* [Exercise instructions]
Return only the lines from the start of the records through the line that contains "摩托車被譽為交通界的老化石,它作為交通工", inclusive; leave out all pictures.

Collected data
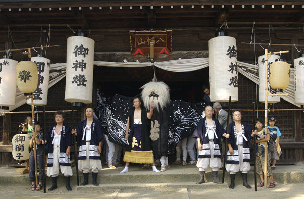 写真はもちろん新しい獅子が拝殿を舞っているところです。フサフサの毛と光沢感のある頭が新鮮さを出しています。
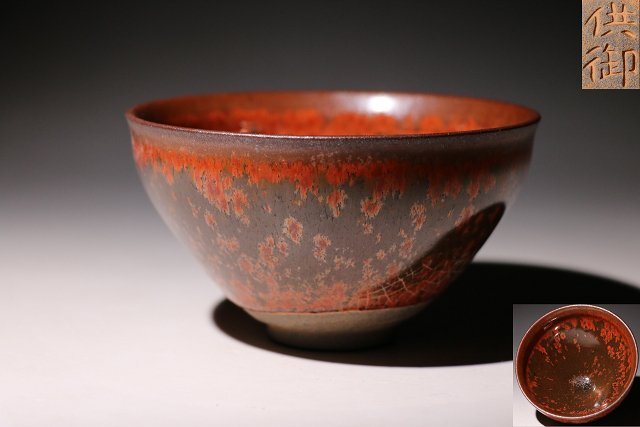 > ☆寒椿☆天目茶碗 供御 直径約12.7cm (検)紅釉 窯変釉 茶碗 茶道具 茶器 唐物 中国美術 古玩 骨董品
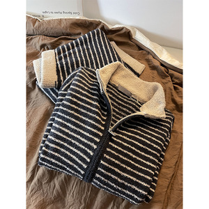 韩版撞色条纹针织半边绒睡衣女秋冬季加厚保暖2025新款家居服套装
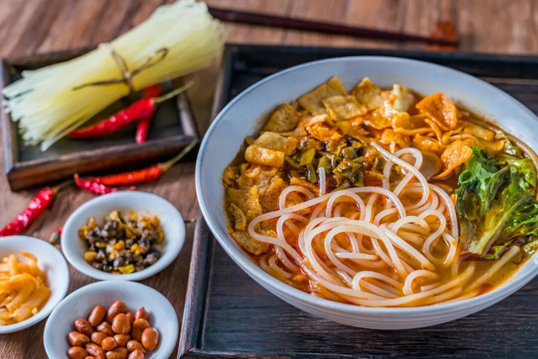在柳州,螺蛳粉是一种特色小吃,它的汤料由螺蛳和多种香料熬制而成,煮成后只取汤不要肉,加入干米粉煮熟后,搭配油炸腐竹、花生、豆角,还有酸笋一起食用。
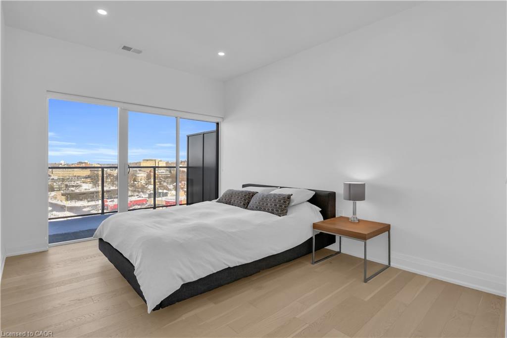 Step out to the expansive private terrace with views of the Speed River, offering ample space for outdoor seating and dining. The primary suite also enjoys its own private balcony overlooking the river, along with a walk-in closet and ensuite bath. A spacious second bedroom is located near a four-piece bathroom, and ensuite laundry provides added convenience.
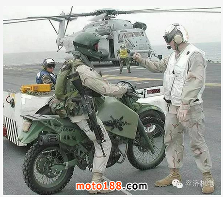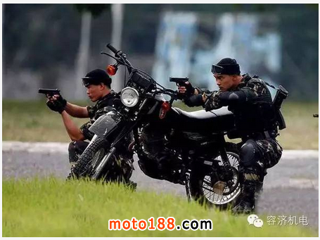 摩托車被譽為交通界的老化石,它作為交通工具進入人們生活領域已有100多年歷史,作為作戰工具使用也有半個多世紀了,說到軍用摩托車大家可能會想到嘉陵,首先聲明武警部隊的嘉陵600不屬于軍用之列,因為它在公路上還行若是泥濘的環境就要趴窩了,解放軍特種部隊裝備的摩托注意看油箱上特種部隊的標志。
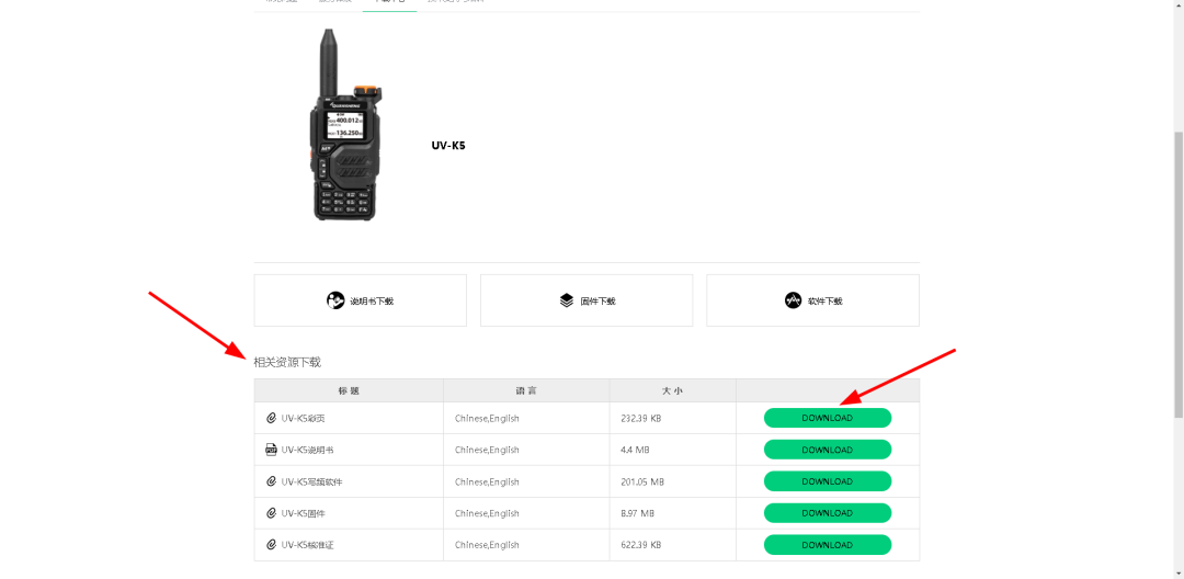 在“相关资源下载”区域,可以看到写频软件、固件、说明书、彩页、核准证等相关压缩包,可以说是“一网打尽”。
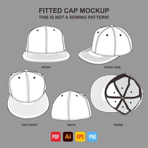 Fitted Cap Hat Vector Mockup Template CAD Illustration
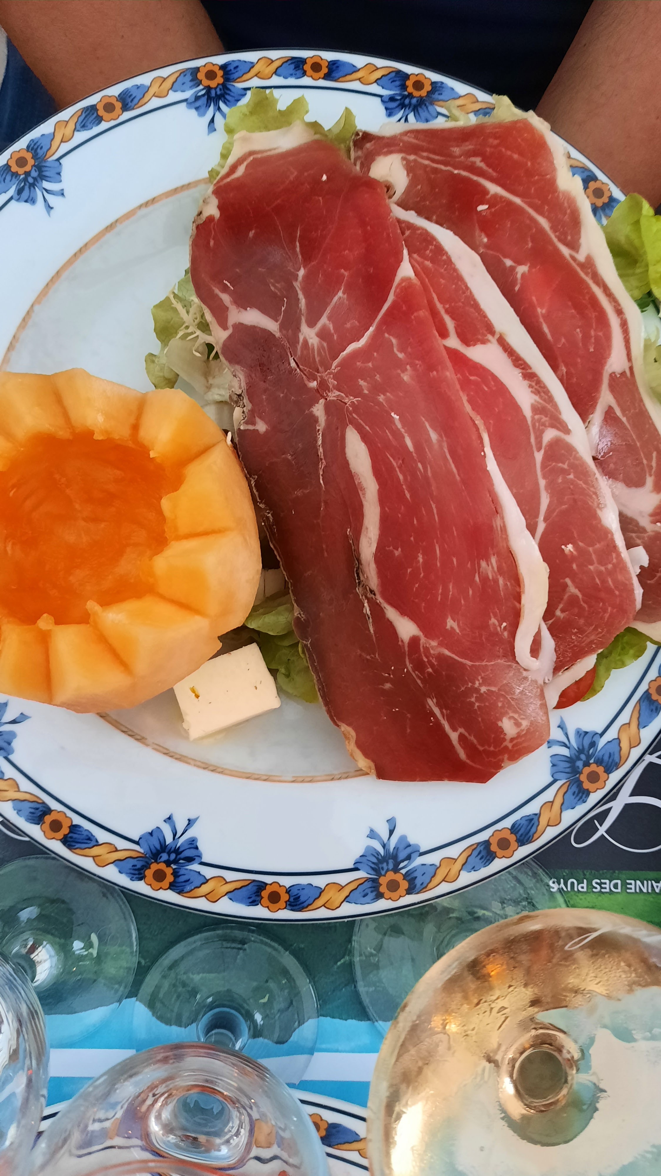 j’avoue il faisait trop chaud pour l’aligot ou la truffade mais cette salade est magnifique (salade fraîcheur avec cantal tomates melon fraises et framboises) Super personnel gentil la déco correspond il manque les puys en vrai mais faut pas trop en demander Je recommande les yeux fermés et j’ai hâte de revenir
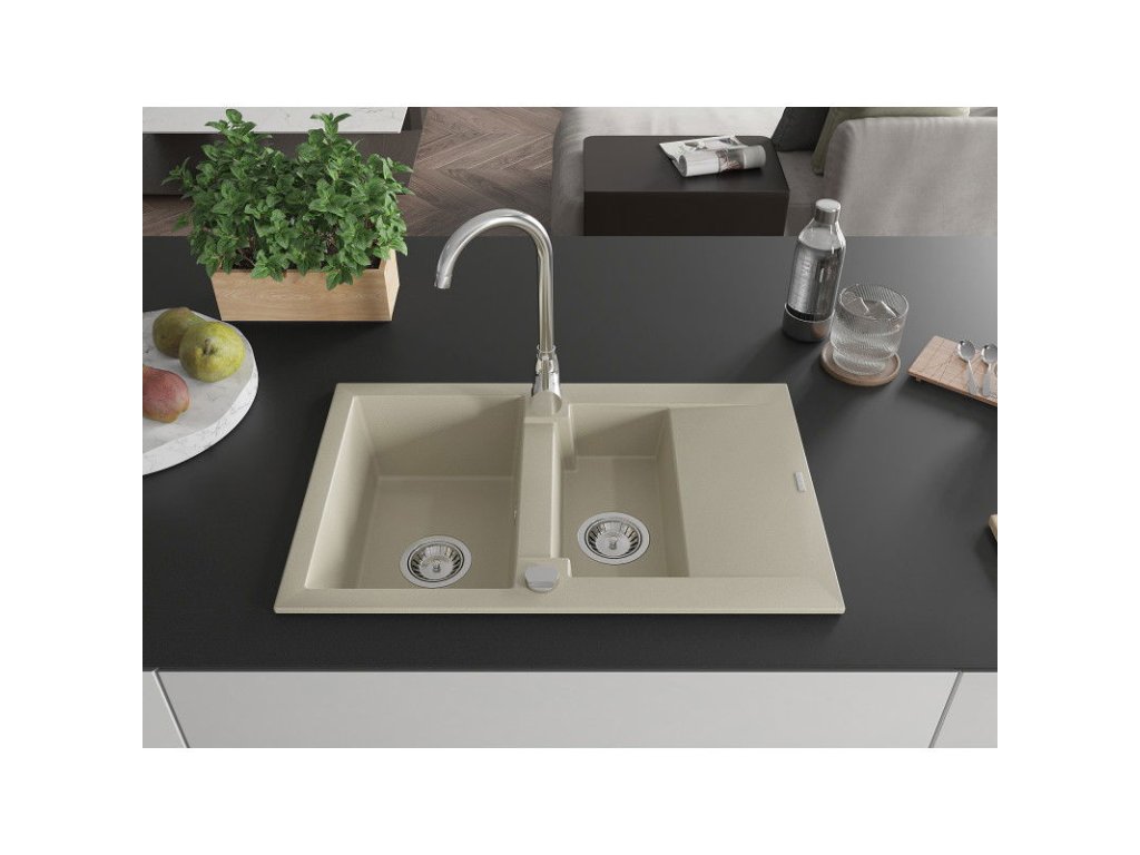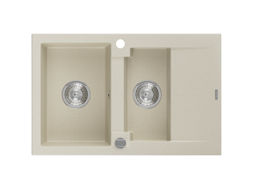 \n \n \nTechnické údaje: \n \nrozmery: 737x475x177 mm \n \nhĺbka komory: 167 mm (väčšia), 107 mm (menšia) \n \nrozmery komory: 395x272 mm (väčšia), 375x182 mm (menšia) \n \npriemer odtoku: ø90 mm \n \nModel: 1,5-komorový s krátkym odkvapkávačom \n \ntyp: zapustené do pracovnej dosky \n \nfarba: béžový \n \nmateriál: žula \n \nprepadový otvor: áno \n \notvor pre batériu: áno \n \nautomatický sifón v sade \n \nvysoká odolnosť proti poškriabaniu a zafarbeniu \n \nodolnosť proti tepelným šokom \n \npovrch pre ľahké čistenieDodatočné parametre
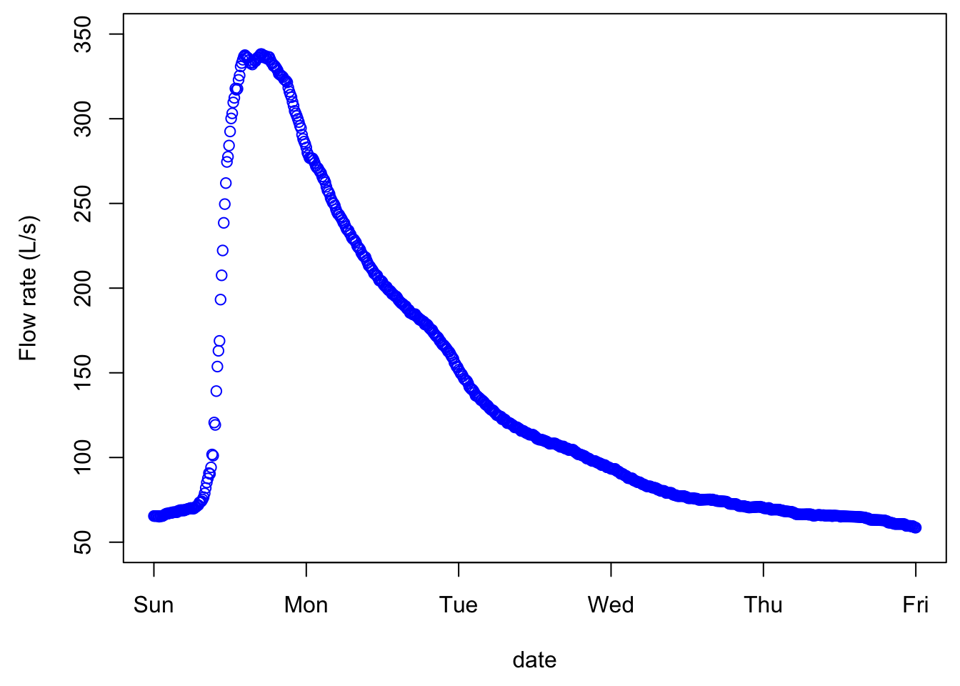 plot(date,Q,xlab = "date",ylab = "Flow rate (L/s)",type = "p",col="blue",xlim=xlimHG,ylim=ylimHG) # this plots the hydrograph
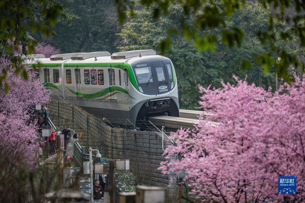 這是2月27日拍攝的運營(yíng)中的重慶軌道交通2號線(xiàn)列車(chē)。

* [Task output]
 写真はもちろん新しい獅子が拝殿を舞っているところです。フサフサの毛と光沢感のある頭が新鮮さを出しています。
 > ☆寒椿☆天目茶碗 供御 直径約12.7cm (検)紅釉 窯変釉 茶碗 茶道具 茶器 唐物 中国美術 古玩 骨董品
 韩版撞色条纹针织半边绒睡衣女秋冬季加厚保暖2025新款家居服套装
在柳州,螺蛳粉是一种特色小吃,它的汤料由螺蛳和多种香料熬制而成,煮成后只取汤不要肉,加入干米粉煮熟后,搭配油炸腐竹、花生、豆角,还有酸笋一起食用。
 Step out to the expansive private terrace with views of the Speed River, offering ample space for outdoor seating and dining. The primary suite also enjoys its own private balcony overlooking the river, along with a walk-in closet and ensuite bath. A spacious second bedroom is located near a four-piece bathroom, and ensuite laundry provides added convenience.
 摩托車被譽為交通界的老化石,它作為交通工具進入人們生活領域已有100多年歷史,作為作戰工具使用也有半個多世紀了,說到軍用摩托車大家可能會想到嘉陵,首先聲明武警部隊的嘉陵600不屬于軍用之列,因為它在公路上還行若是泥濘的環境就要趴窩了,解放軍特種部隊裝備的摩托注意看油箱上特種部隊的標志。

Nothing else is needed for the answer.